Hausgottesdienst Sonntag Palmarum - 05.04.2020 - Pfarrer Kurt Boltres



Die Gnade unseres Herrn Jesus Christus und die Liebe Gottes und die Gemeinschaft des Heiligen Geistes sei mit uns allen Amen.


Wir lesen das Predigtwort für Palmsonntag, geschrieben bei Markus 14,3-9


3 Und als er in Betanien war im Hause Simons des Aussätzigen und saß zu Tisch, da kam eine Frau, die hatte ein Glas mit unverfälschtem und kostbarem Nardenöl, und sie zerbrach das Glas und goss es auf sein Haupt. 

4 Da wurden einige unwillig und sprachen untereinander: Was soll diese Vergeudung des Salböls? 

5 Man hätte dieses Öl für mehr als dreihundert Silbergroschen verkaufen können und das Geld den Armen geben. Und sie fuhren sie an.

6 Jesus aber sprach: Lasst sie in Frieden! Was betrübt ihr sie? Sie hat ein gutes Werk an mir getan. 

7 Denn ihr habt allezeit Arme bei euch, und wenn ihr wollt, könnt ihr ihnen Gutes tun; mich aber habt ihr nicht allezeit. 

8 Sie hat getan, was sie konnte; sie hat meinen Leib im Voraus gesalbt für mein Begräbnis. 

9 Wahrlich, ich sage euch: Wo das Evangelium gepredigt wird in aller Welt, da wird man auch das sagen zu ihrem Gedächtnis, was sie jetzt getan hat.

Kostbarer Augenblick 

Liebe Schwestern und Brüder,

Wenn wir einen Blick in unsere Zeitungen werfen, oder auch die TV-Sendungen über unsere nationalen „VIPS“, oder die Sendung „romanii au talent“ oder die spannenden Serienfilme verfolgen, so überkommt uns oft das Gefühl einer besonderen Anteilnahme.

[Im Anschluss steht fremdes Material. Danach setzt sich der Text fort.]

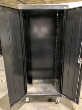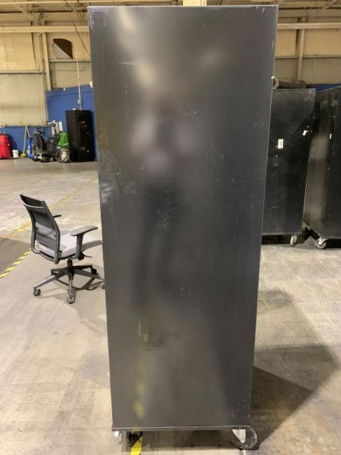 Sandusky Black Storage Cabinet, 30"Wx24"Dx66"H Cabinet on wheels, 2 doors, no shelving. HIT# 2335990. Asset Located at 100 Central Avenue West, Brockville, ON K6V 4N8 Canada.
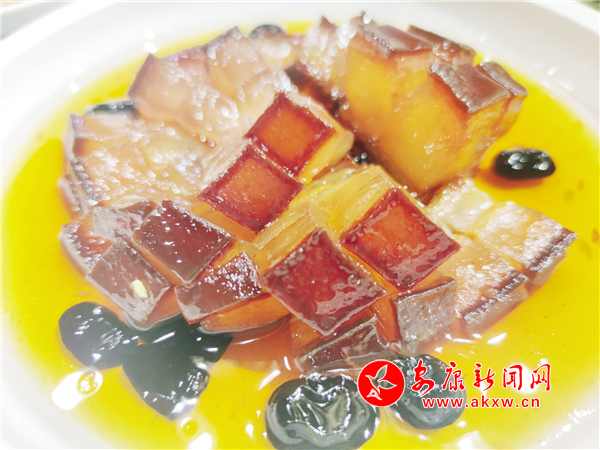 推薦理由:這道菜選用肥瘦相間的五花肉,切成小方塊,配以紅棗、蜜汁調味,大火蒸制成型后,菜品形色如櫻桃般嫣紅誘人,味道酥爛肥美,甜香豐腴、入口即化,是色香味俱全的美味佳肴,擺在席面上,好看又好吃,且顏色喜人,寓意很好,是一道非常適合宴請賓朋時品嘗的菜肴。

Denn manche dieser Persönlichkeiten aus dem Showbusiness, oder aus der Politik sind uns, ehrlich gesagt, sympathisch und wir möchten gerne einen Augenblick in ihrer Nähe verweilen. Das verleiht uns, so meinen wir, einen kleinen Abglanz ihrer imposanten Persönlichkeit. Dieser Gedanke stammt nicht von mir, sondern er ist überliefert und ist eigentlich charakteristisch für jeden unter uns. Ich muss jedoch um dieses zu erklären einige Alltagsbeispiele zur Hand nehmen. 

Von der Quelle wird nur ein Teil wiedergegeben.